My son was running around the house, per usual, and he wasn’t paying attention to where he was going, and he ran head first into the corner of my dinning room table. BOOM, SMACK….. wait for it. 3…2…1….AHHHHHHHHH! He’s screaming bloody murder, and I rush into my super mom stance by asking the same old question. Show me where it hurts? Such a simple phrase that has such a deeper meaning. Showing someone who is supposed to love you, protect you, and ultimately will fix the pain, exactly where it hurts, so that in some supernatural way they comfort the pain away; pain that we brought upon ourselves. Now this isn’t to say that accidents don’t happen, but rather to address that it was my sons lack of paying attention that caused the accident, which brought pain upon his own body. Or in other words, sometimes our lack of being in tune with our higher selves, that allow us to open up our spiritual and emotional gates, to allow energy in that will ultimately cause us to be in some sort of pain or discomfort in our lives. Maybe you aren’t ready to hear that, so I’ll just talk about me.
I want to tell you who I am on the inside; the woman who is transforming before your very eyes, hell the woman who is changing right before my own. I’ve walked around for years with this broken shadow of a whole being, holding back the tears of my yesterdays past, and hoping that others will see beyond the damage, to see the hope that I have for tomorrow. But they don’t. You’ve seen me, you’ve seen the pain, the sadness, the emotional parts of myself that I’ve tried to cover up, or keep hidden. It had been my hope that someone else will come along one day and be my “savior”, to ask me to show them where it hurts, so that they can fix it. Newsflash: THEY CAN’T FIX IT!

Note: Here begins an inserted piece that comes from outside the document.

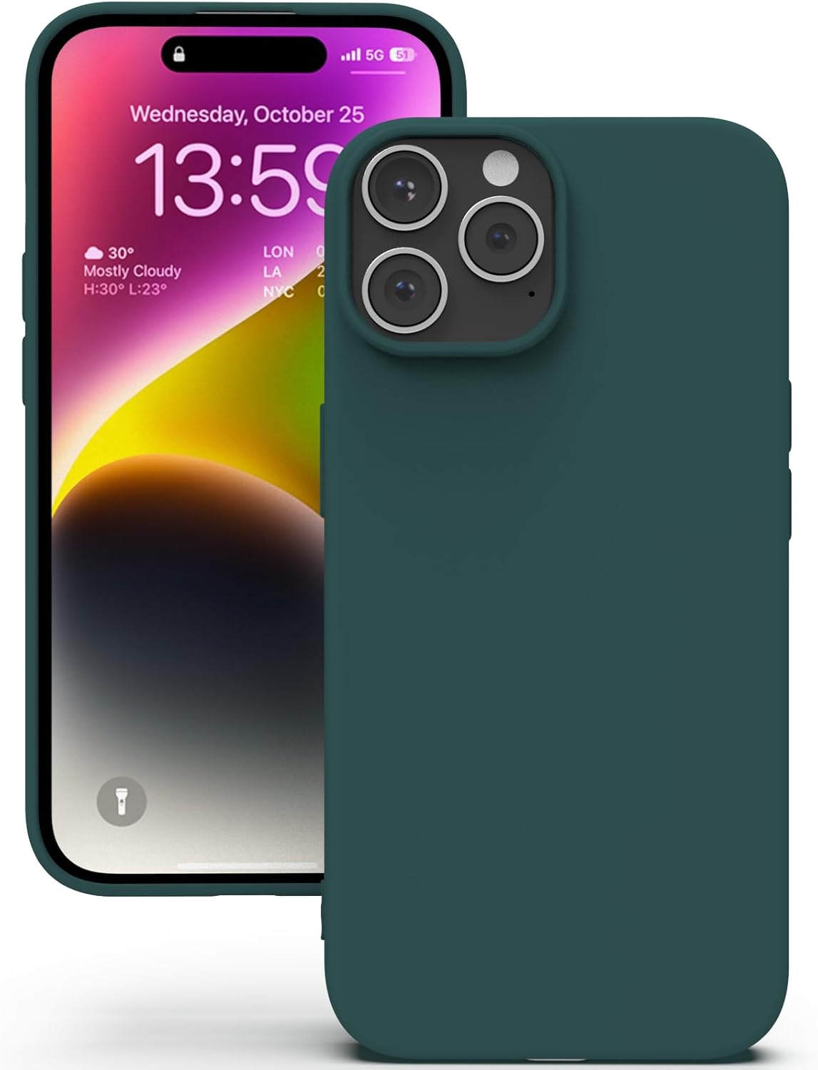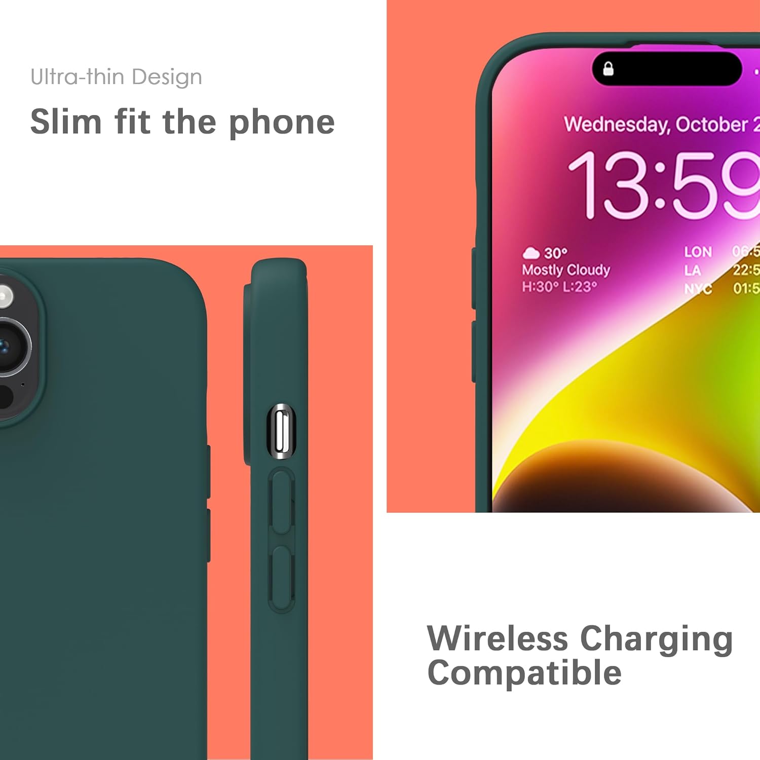 YATWIN Кейс за iPhone 14 Pro, Премиум силиконов калъф за мобилен телефон със защита на камерата, Копринен, Мек на допир, Ултра тънък, Удароустойчив, Устойчив на надраскване, Защитен калъф, Зелен

I was the reason why I kept getting hurt. I was the reason that I manifested pain into my own life, because I wasn’t paying attention to where I was going, I lacked direction, which ultimately allowed me to run into the hypothetical tables, that caused me to suffer from bad relationships, increase in weight (got fat), decrease in financial success, unplanned pregnancy etc. My own decisions, consciously and subconsciously brought about the pain that I claimed I didn’t want, but inevitably brought upon myself. Moving on.

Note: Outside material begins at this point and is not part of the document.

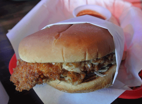 29 September 2012: It takes two hands to handle the behemoth buns which wrap themselves around cheese, tomato, lettuce, a full fried chicken breast and a buffalo sauce as lethal as gunpowder in the legendary buffalo chicken sandwich. Buffalo chicken wings have never seen a sauce quite as incendiary–or quite as good. It’s a better chicken sandwich, by far, than you’ll find at any of the fried chicken chains. My friend and colleague Fred Phillips loves this sandwich so much he’s earned the sobriquet “Four Bite Fred” for the ardor with which he attacks it. He’s been responsible for introducing more people to this sandwich than most online dating services have made lifelong matches.

I AM THE MASTER OF MY OWN FATE, THE DESIGNER OF MY OWN DESTINY.
Now don’t take this to mean that there won’t be people who can come into your world to help you through your transformational process; but rather to express that if you are waiting on a savior, then you are fooling yourself to think that the savior isn’t already inside of you. When you realize that we are the creators of both the good and bad situations in our lives, then we will then realize that we can, and should be creators of more good than bad. It is when we decide to look within ourselves, that we will find everything we have ever been searching for. However, just when you aren’t looking, the universe will bless you with little pearls along the way, to show you that you are on the right path, and that everything you are doing is alright. But you have to go through the process; no one can escape the process. The process means that sometimes it is essential for you to bump your head, feel the pain, and realize that this is NOT what you should be doing, or where you should be going.

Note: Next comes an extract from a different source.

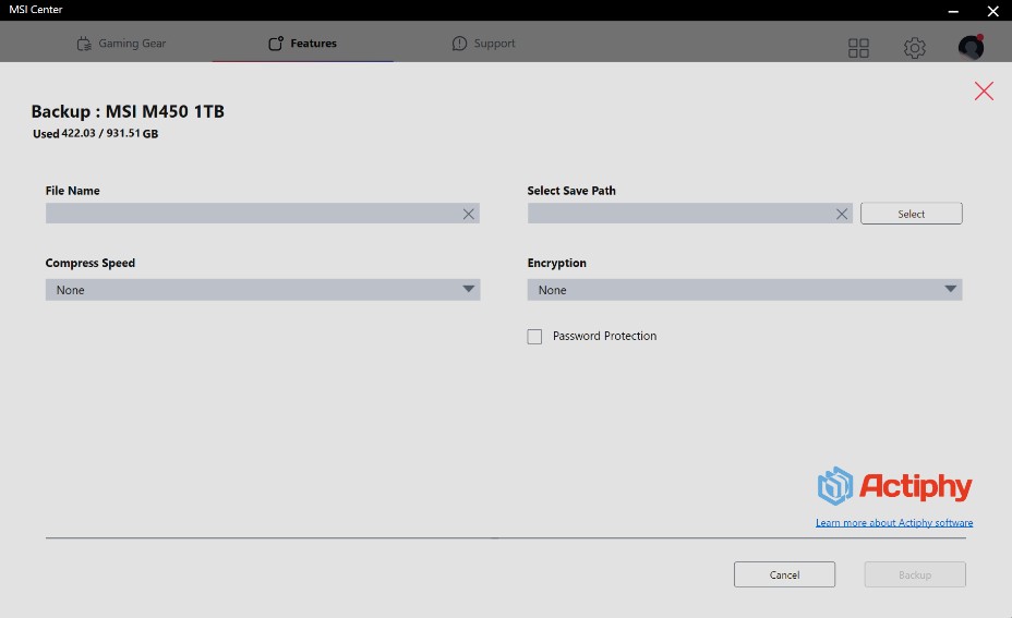 此外,MSI與世界領先的資料備份解決方案Actiphy合作,讓購買MSI SSD並將其安裝到PC系統的使用者能夠建立備份。如欲了解Actiphy Software或完整許可版本的更多資訊,請點擊連結了解更多。

Let me show you where it hurts, I told others for years. Showing you my wounds, bandages, cuts and scrapes, willingly accepting the boo boo kisses that kept me emotional suppressed in a place that wasn’t happy or healthy for me to be in. It is sinking sand, my feet stuck in cement, and not a place from which true growth can emerge. Showing others where I was hurt, was only good when the pain immediately happened. Holding onto that pain for years upon years was only a reflection of my own inability to accept things and move on. I can say that honestly, because I struggled with accepting things and moving on. No more.
Transitions aren’t easy. You know, the concept of moving from one place to another, either mentally or physically. But transition is necessary, for all things are in a perpetual state of movement. I don’t want to show you where I’ve been hurt, because it’s over now, and I had to brush myself off and keep running towards my future. So in the end my advice to you is to be vulnerable, be flexible, be willing to challenge yourself, and most importantly, be willing to bump your head and get hurt. Hell, it’s the only way my son learned to stop running around my damn table. Learn the lesson and move on. Otherwise, you’ll be sitting in your momma’s lap, crying for way too damn long, over something that honestly shouldn’t even hurt anymore.